For the ultra-Orthodox Jewish children of Brooklyn, the familiar Mister Softee ice cream truck jingle holds less allure than the tune that booms from the  Kosher L’Mehadrin Bazel Ice Cream Truck, inviting them to “make a bracha,” or blessing, and buy an icy treat, reports The Jewish Daily Forward in a profile of the company’s founder, Yaniv Bazel.

“They always come at me, in Yiddish, shouting for free ice cream,” Yaniv Bazel said while leaning against a popcorn machine in his hot-pink ice cream  truck, in the Crown Heights section of Brooklyn. “They drive me crazy!”

It’s all in a day’s work for Bazel, 24, the Lubavitch co-owner of the Kosher L’Mehadrin Bazel Ice Cream Truck. Though there are hundreds of ice cream trucks that tour the city  streets in the summer, this truck is different from most. It is among the few  that hold a strict kosher certification allowing them to cater to a specific — and ice cream hungry — sliver of New York children: the ultra-Orthodox.

Bazel started his business in 2006, with two other teens — his brother and soon-to-be brother-in-law, both 17-year-old Israelis, The Forward reports. He now has family members driving six trucks, and Bazel’s father flies from Israel to the U.S. every summer to lend a hand.

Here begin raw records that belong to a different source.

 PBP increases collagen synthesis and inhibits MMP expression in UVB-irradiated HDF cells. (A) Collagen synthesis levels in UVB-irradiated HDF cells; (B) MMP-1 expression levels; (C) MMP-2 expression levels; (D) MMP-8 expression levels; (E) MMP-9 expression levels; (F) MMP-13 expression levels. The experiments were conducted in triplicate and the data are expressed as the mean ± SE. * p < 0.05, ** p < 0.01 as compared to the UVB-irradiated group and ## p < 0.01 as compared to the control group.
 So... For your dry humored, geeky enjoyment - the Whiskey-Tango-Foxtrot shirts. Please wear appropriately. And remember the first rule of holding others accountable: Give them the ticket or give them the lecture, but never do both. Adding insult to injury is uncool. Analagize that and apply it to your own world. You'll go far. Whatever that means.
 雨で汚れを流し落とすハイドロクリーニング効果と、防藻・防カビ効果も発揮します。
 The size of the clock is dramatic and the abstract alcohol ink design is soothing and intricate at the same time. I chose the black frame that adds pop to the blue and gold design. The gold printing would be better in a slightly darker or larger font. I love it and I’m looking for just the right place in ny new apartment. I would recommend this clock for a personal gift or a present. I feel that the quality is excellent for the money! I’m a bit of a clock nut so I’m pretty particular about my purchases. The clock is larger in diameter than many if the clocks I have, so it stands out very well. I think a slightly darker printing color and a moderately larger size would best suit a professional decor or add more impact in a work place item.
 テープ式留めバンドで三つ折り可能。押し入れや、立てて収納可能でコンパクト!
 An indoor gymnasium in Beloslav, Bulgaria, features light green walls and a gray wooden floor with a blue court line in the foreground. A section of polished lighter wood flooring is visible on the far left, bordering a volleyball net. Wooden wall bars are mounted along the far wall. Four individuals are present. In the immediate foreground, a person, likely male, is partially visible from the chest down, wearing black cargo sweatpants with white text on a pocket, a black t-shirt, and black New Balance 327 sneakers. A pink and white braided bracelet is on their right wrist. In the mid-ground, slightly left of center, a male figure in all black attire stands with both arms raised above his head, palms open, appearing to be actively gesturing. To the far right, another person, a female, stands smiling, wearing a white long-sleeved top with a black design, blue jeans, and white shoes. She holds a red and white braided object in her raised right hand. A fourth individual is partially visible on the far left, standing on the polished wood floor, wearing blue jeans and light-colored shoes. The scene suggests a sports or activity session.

Bazel’s ice cream comes from Mehadrin Dairy, which also makes pareve products — which are meat- and dairy-free, and can therefore be eaten with meat or dairy.

“We want to be big, like a kosher Mister Softee, with 600 trucks all over the  city,” Bazel said. “We’re not trying to sell to people that don’t keep kosher,  because they already have enough ice cream trucks. We’re looking at Jewish  customers.”

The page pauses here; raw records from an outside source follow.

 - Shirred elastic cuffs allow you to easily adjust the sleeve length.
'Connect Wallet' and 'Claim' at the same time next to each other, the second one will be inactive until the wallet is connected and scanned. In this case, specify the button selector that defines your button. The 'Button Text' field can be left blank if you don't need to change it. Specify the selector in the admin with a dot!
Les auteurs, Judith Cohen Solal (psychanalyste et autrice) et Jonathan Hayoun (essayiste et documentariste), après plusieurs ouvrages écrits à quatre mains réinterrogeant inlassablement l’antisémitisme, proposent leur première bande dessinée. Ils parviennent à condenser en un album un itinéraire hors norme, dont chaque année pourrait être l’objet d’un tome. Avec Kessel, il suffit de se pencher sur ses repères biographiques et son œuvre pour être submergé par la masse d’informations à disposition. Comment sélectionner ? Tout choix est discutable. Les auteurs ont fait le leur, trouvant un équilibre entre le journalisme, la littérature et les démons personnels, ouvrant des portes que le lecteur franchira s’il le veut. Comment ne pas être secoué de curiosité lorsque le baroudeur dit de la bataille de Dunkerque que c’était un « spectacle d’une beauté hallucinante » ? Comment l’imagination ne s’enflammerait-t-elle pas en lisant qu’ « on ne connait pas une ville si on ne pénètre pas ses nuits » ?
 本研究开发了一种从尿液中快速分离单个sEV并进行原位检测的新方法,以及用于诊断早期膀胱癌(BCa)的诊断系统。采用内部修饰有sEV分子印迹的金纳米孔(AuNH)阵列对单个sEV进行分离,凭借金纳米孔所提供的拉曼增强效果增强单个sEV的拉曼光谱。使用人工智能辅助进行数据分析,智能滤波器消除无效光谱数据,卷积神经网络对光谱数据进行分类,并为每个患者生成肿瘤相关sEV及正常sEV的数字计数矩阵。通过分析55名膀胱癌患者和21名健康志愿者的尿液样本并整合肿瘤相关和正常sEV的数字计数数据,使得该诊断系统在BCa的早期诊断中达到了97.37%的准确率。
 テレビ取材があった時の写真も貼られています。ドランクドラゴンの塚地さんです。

The brothers spend their summers driving the six Bazel ice cream trucks  around New York, splitting their time between Brooklyn and the Catskills. They  offer everything from ice cream and slushies to popcorn and cotton candy, and  often cater camp gatherings and birthday parties. And, of course, to the ice  cream hungry Lubavitchers in Brooklyn.

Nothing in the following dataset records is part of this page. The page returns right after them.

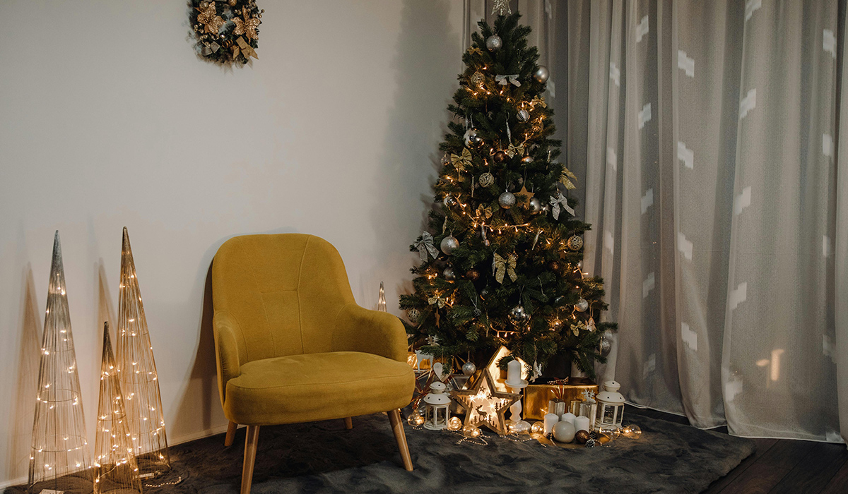 Простора вітальня залита теплим світлом різдвяних вогників та яскравих атрибутів величного свята. Підлога оздоблена ламінатом Kronospan Vintage Classic K479 Дуб Еспресо Капенче 4V 10 мм з екологічно чистих матеріалів. Крісло DLS Аква-1 жовте є одночасно комфортним та ефектним доповненням інтер’єру. Стіну прикрашає вінок новорічний BonaDi RM0-211 36 см. В кутку розмістилась ялинка Ковалівська лита 210 см, розкішно оздоблена іграшками на ялинку Ажурна куля BonaDi 788-839 8 см золото та новорічними Бантами BonaDi 787-418 20*24 см. Сріблястими блискітками сяє намисто на ялинку BonaDi 47-081 8 мм 2,7 м, а гірлянда Delux Icicle 75LED 2*0,7 м 18 flash дарує мерехтливу магію свят.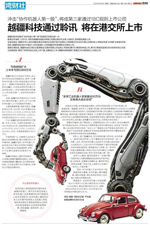 越疆科技冲击国内“协作机器人第一股”的进程又向前迈进一步。 据港交所消息,12月1日,深圳市越疆科技股份有限公司通过港交所主板上市聆讯,即将登陆港股上市。 证监会指出,根据《中华人民共和国证券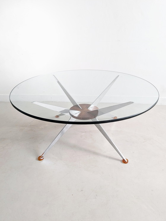 Table basse en forme d'étoile de l'ère spatiale par le fabricant allemand COR, années 1960. La table basse est composée d'une base en teck et en chrome et d'un plateau en verre rond et transparent.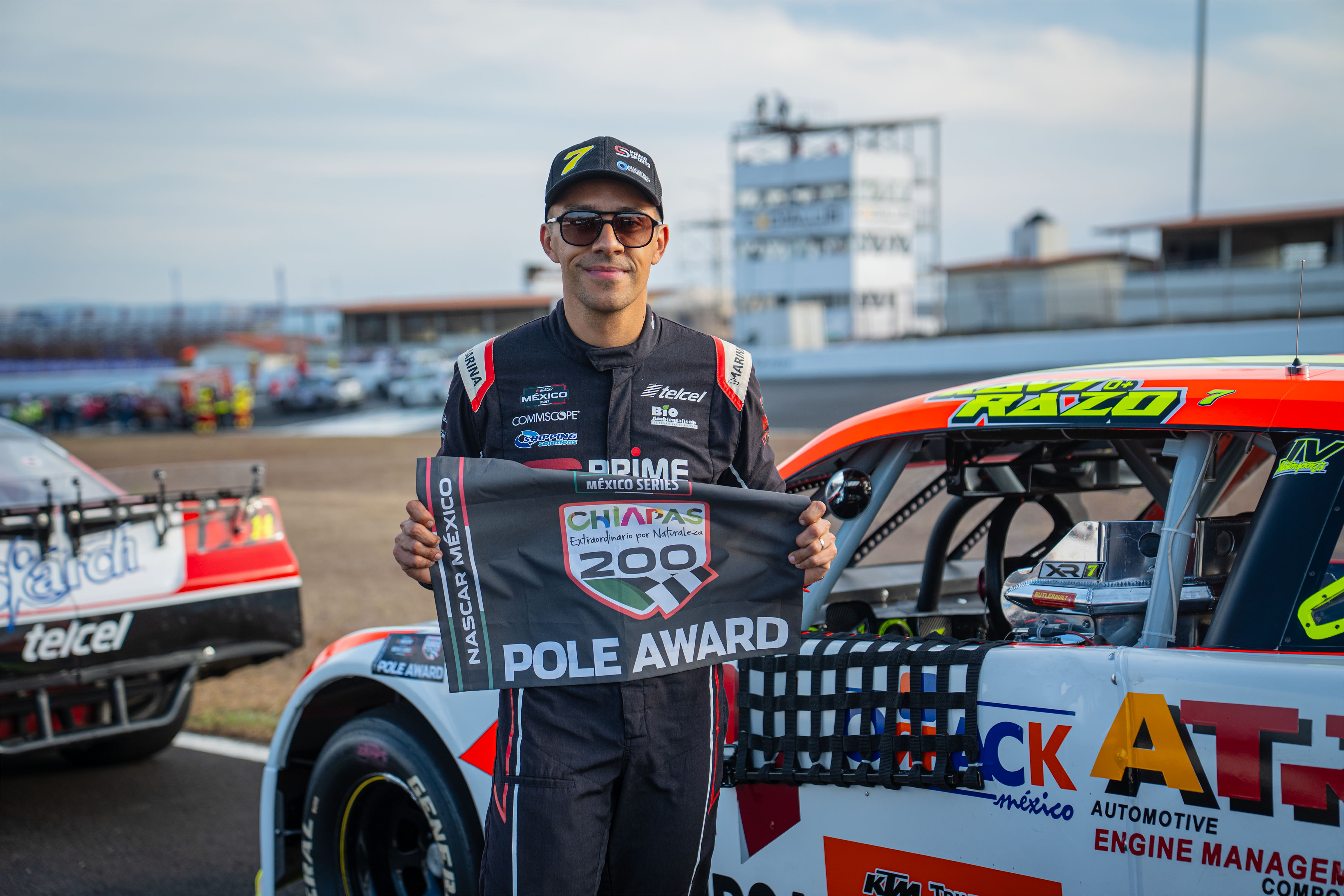 Xavi Razo con el auto No. 7 de Armstrong Armored, encabezará la primera fila en la carrera de NASCAR México Series este domingo 23 de marzo en el Súper Óvalo Chiapas tras conseguir su primera pole en el año, donde buscará quedarse con el máximo galardón.

“Everyone’s favorite is the soft serve, but we get a lot of people ordering  the slushies, because they are pareve,” Bazel said, referring to the plastic  jugs of rainbow-colored slushie syrup lining the floor of the truck.

Like Mister Softee’s inescapable tune, the Bazel trucks’ song has become a part of the landscape in Brooklyn’s Jewish neighborhoods.

No self-respecting ice cream truck travels without a catchy jingle and so, as  Bazel rounds each bend, he presses “play” on his iPod and a hearty male voice  booms from the truck’s speakers: “Come and make a bracha [blessing], a bracha, a bracha… today. We’ve got ice cream and ices, and boy  you’ll love our prices…. The kosher ice cream truck is here!” As the words waft  through the Brooklyn air, the verse is then repeated in Yiddish.

“That song! It means the kosher ice cream truck is here,” said Miles Walser,  a non-Lubavitch resident of Crown Heights. Though he has never tasted the kosher fare, it took him only a week of living in the neighborhood to learn the entire  song by heart.